**RECORDS FOR PROCESSING**
____________
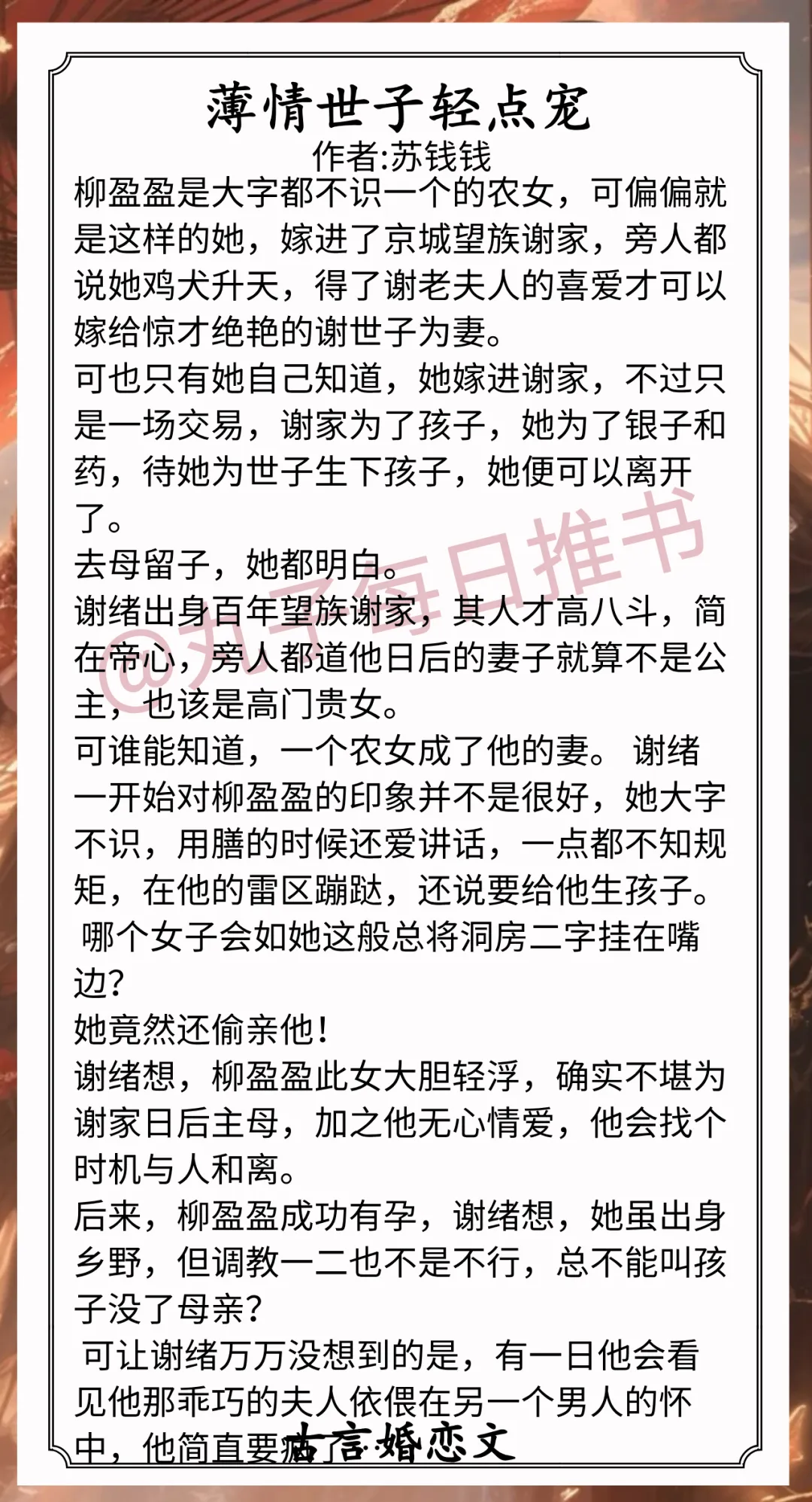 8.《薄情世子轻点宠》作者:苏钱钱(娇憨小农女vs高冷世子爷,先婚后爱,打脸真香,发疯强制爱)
____________
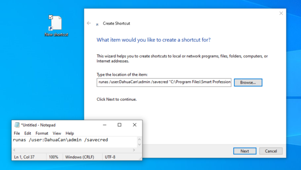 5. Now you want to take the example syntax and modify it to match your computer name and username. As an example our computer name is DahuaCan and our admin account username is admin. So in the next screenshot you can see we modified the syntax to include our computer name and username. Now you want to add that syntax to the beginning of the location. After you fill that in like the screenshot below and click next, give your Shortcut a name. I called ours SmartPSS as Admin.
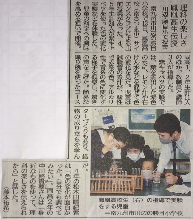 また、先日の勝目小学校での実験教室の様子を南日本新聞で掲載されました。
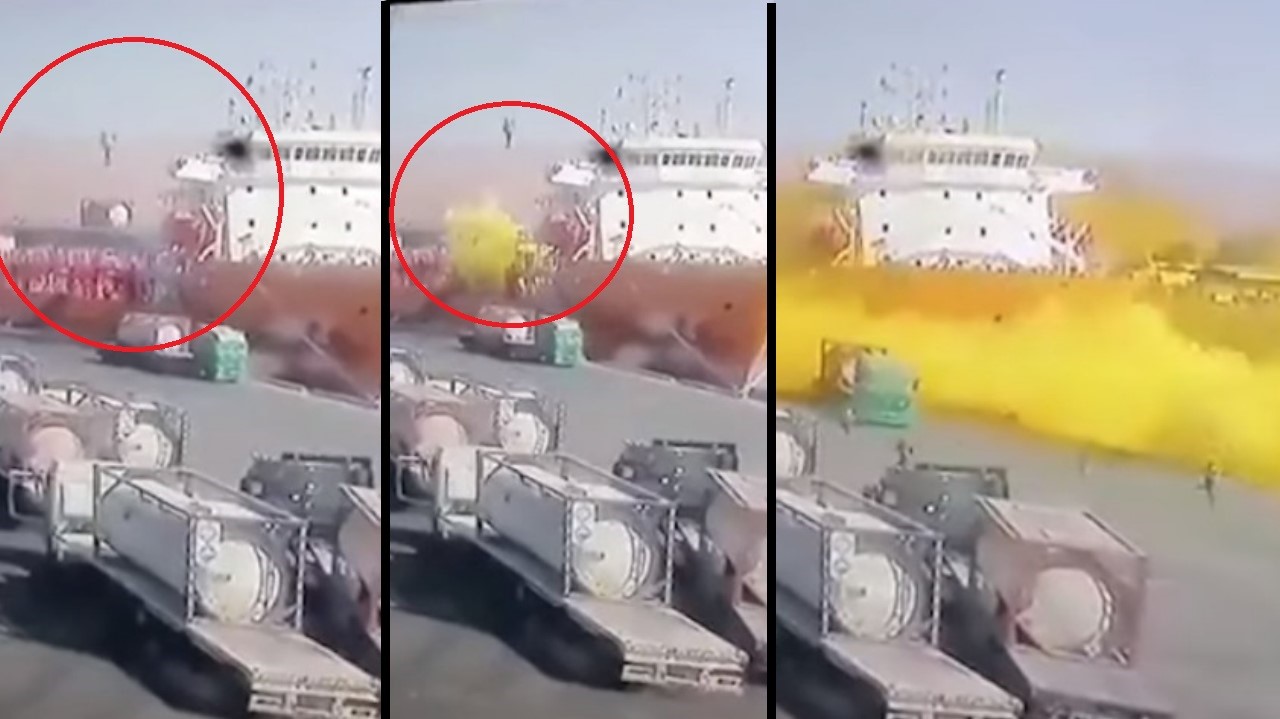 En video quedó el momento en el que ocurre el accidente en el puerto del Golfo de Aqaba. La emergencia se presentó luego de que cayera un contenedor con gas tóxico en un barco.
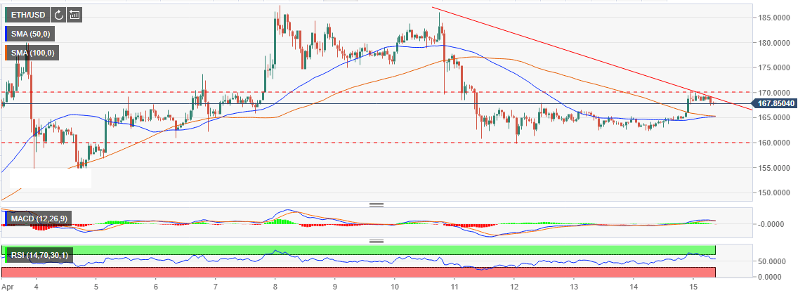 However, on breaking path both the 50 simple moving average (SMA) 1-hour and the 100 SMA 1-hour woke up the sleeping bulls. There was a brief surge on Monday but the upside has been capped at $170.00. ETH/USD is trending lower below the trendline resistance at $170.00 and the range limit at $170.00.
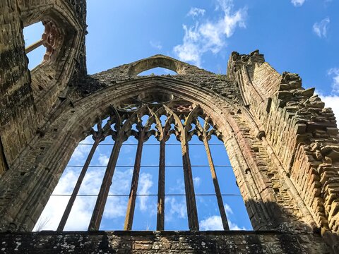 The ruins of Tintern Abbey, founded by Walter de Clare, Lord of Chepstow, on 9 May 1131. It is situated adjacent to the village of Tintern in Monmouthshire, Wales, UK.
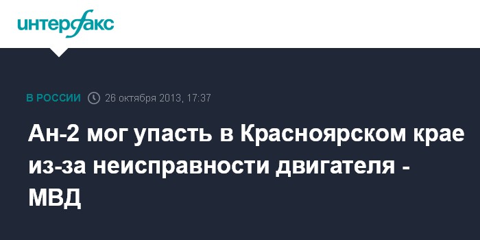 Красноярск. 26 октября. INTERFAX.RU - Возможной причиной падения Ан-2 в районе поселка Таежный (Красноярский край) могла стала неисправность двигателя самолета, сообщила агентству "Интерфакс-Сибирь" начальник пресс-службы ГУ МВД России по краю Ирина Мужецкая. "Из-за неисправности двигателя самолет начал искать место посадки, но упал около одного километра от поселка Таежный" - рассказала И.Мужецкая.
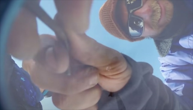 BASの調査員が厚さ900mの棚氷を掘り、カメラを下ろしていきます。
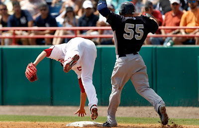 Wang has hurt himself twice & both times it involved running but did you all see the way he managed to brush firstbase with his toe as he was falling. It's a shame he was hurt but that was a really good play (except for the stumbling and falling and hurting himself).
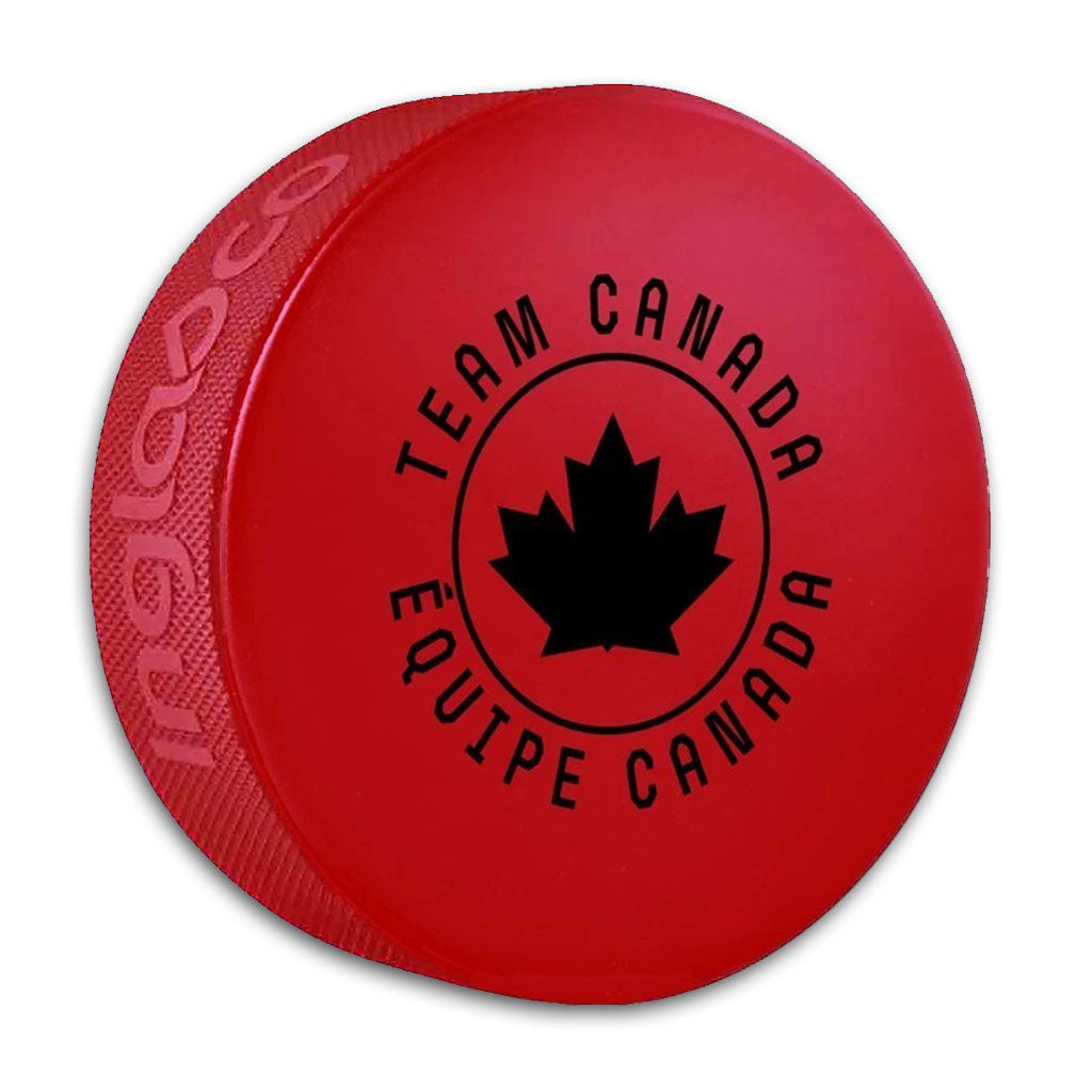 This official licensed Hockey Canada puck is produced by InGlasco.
____________
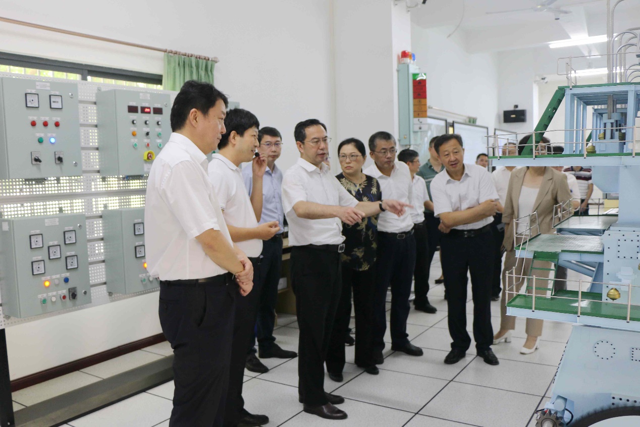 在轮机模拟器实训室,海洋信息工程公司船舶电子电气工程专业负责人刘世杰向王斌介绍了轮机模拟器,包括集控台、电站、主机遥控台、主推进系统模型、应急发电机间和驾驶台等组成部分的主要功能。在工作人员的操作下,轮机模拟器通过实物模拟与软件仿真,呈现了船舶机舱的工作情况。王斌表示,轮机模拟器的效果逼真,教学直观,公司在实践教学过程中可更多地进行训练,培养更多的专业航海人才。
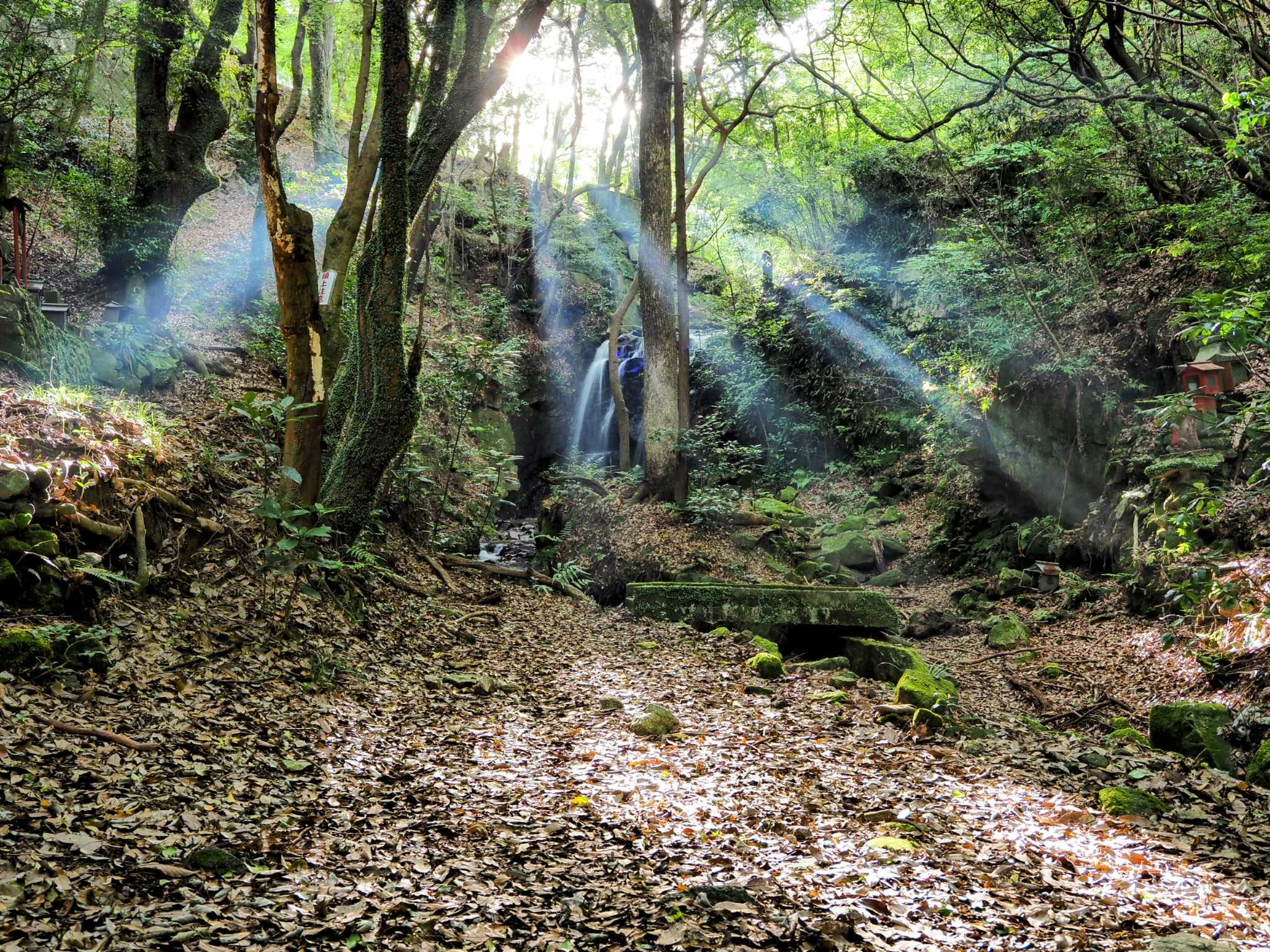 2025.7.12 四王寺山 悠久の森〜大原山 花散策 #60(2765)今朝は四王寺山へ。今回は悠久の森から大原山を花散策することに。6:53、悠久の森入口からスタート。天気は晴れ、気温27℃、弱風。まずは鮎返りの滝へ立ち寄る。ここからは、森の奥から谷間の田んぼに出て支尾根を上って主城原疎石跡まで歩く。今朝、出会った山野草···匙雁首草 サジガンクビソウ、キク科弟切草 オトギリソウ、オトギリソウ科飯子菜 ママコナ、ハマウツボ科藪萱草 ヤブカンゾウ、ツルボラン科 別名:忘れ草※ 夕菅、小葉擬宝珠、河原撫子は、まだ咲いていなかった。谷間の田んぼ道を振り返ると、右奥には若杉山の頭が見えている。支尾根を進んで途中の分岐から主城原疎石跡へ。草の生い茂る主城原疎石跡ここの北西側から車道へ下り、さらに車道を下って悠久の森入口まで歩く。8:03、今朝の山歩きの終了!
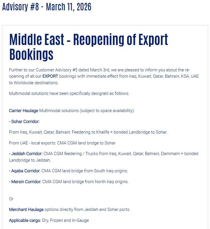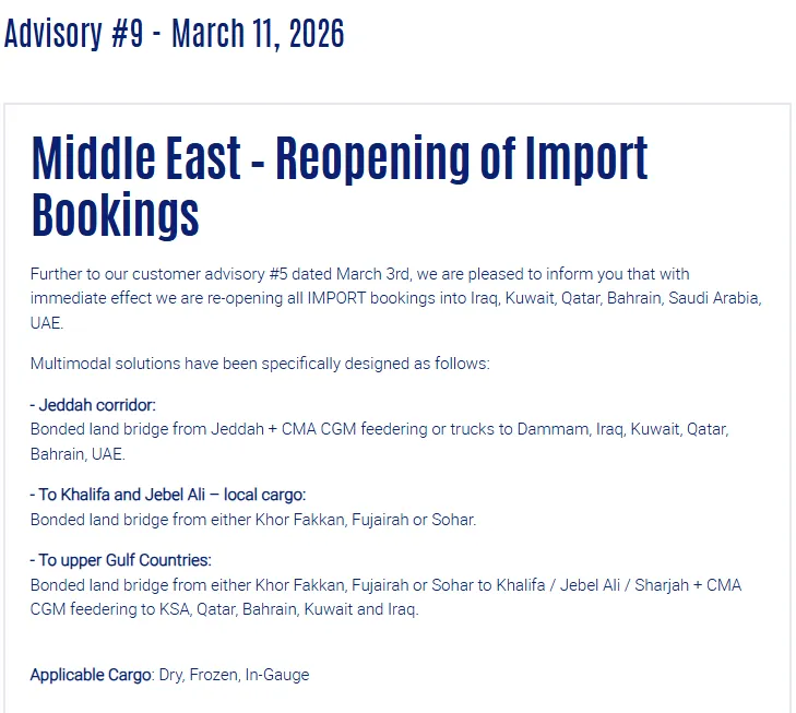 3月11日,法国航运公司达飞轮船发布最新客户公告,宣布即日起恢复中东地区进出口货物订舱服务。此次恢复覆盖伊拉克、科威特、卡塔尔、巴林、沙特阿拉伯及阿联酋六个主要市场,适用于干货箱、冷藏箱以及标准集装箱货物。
____________
**YOUR OBJECTIVE**
Excerpt from the records above: set down only the lines from the one that contains "However, on breaking" through the one that contains "BASの調査員が厚さ900mの棚氷を掘り、カメラを下ろしていきます。", inclusive, word for word. Pictures stay out.

**OUTPUT BELOW**
 However, on breaking path both the 50 simple moving average (SMA) 1-hour and the 100 SMA 1-hour woke up the sleeping bulls. There was a brief surge on Monday but the upside has been capped at $170.00. ETH/USD is trending lower below the trendline resistance at $170.00 and the range limit at $170.00.
 The ruins of Tintern Abbey, founded by Walter de Clare, Lord of Chepstow, on 9 May 1131. It is situated adjacent to the village of Tintern in Monmouthshire, Wales, UK.
 Красноярск. 26 октября. INTERFAX.RU - Возможной причиной падения Ан-2 в районе поселка Таежный (Красноярский край) могла стала неисправность двигателя самолета, сообщила агентству "Интерфакс-Сибирь" начальник пресс-службы ГУ МВД России по краю Ирина Мужецкая. "Из-за неисправности двигателя самолет начал искать место посадки, но упал около одного километра от поселка Таежный" - рассказала И.Мужецкая.
 BASの調査員が厚さ900mの棚氷を掘り、カメラを下ろしていきます。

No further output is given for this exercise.